I don't know that the axle needs to come out, just not sure how to get to the right side bearings. Once you unscrew the left side end cap, the left is easy to check/service, but how to get to the right side as its still in place? I assume it would require to pull the axle out?


----------



## TomH (Oct 6, 2008)

I kinda think the right cap and axle might be one piece.. so the left cap actually screws into the right cap/axle assembly, but im guessing.


----------



## thatcap (Aug 12, 2010)

I have these hubs and they are very good quality. I am told they are made by Bitex but they do seem to have the same internals as chin huar(probably the biggest hub manufacturer out there) high end hubs. Either way, they are good. I had an issue with bearing play on the front hub once i built them up with some carbon hoops. Popped in some better quality hubs and they were fine.

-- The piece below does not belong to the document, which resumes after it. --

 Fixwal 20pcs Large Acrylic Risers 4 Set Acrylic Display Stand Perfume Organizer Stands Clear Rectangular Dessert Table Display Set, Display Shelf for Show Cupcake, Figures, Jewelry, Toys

To disassemble the front hub, take 2x5mm hexes and unscrew the end caps(only one will come off). On the inside of the axle is a 6mm. Use a 6mm to hold the axle so you can unscrew the other end.


----------



## thatcap (Aug 12, 2010)

I have these hubs and they are very good quality. I am told they are made by Bitex but they do seem to have the same internals as chin huar(probably the biggest hub manufacturer out there) high end hubs. Either way, they are good. I had an issue with bearing play on the front hub once i built them up with some carbon hoops. Popped in some better quality bearings and they were fine. I'm not convinced they are genuine Enduro bearings.

To disassemble the front hub, take 2x5mm hexes and unscrew the end caps(only one will come off). On the inside of the axle is a 6mm slot. Use a 6mm hex key to hold the axle so you can unscrew the other end.


----------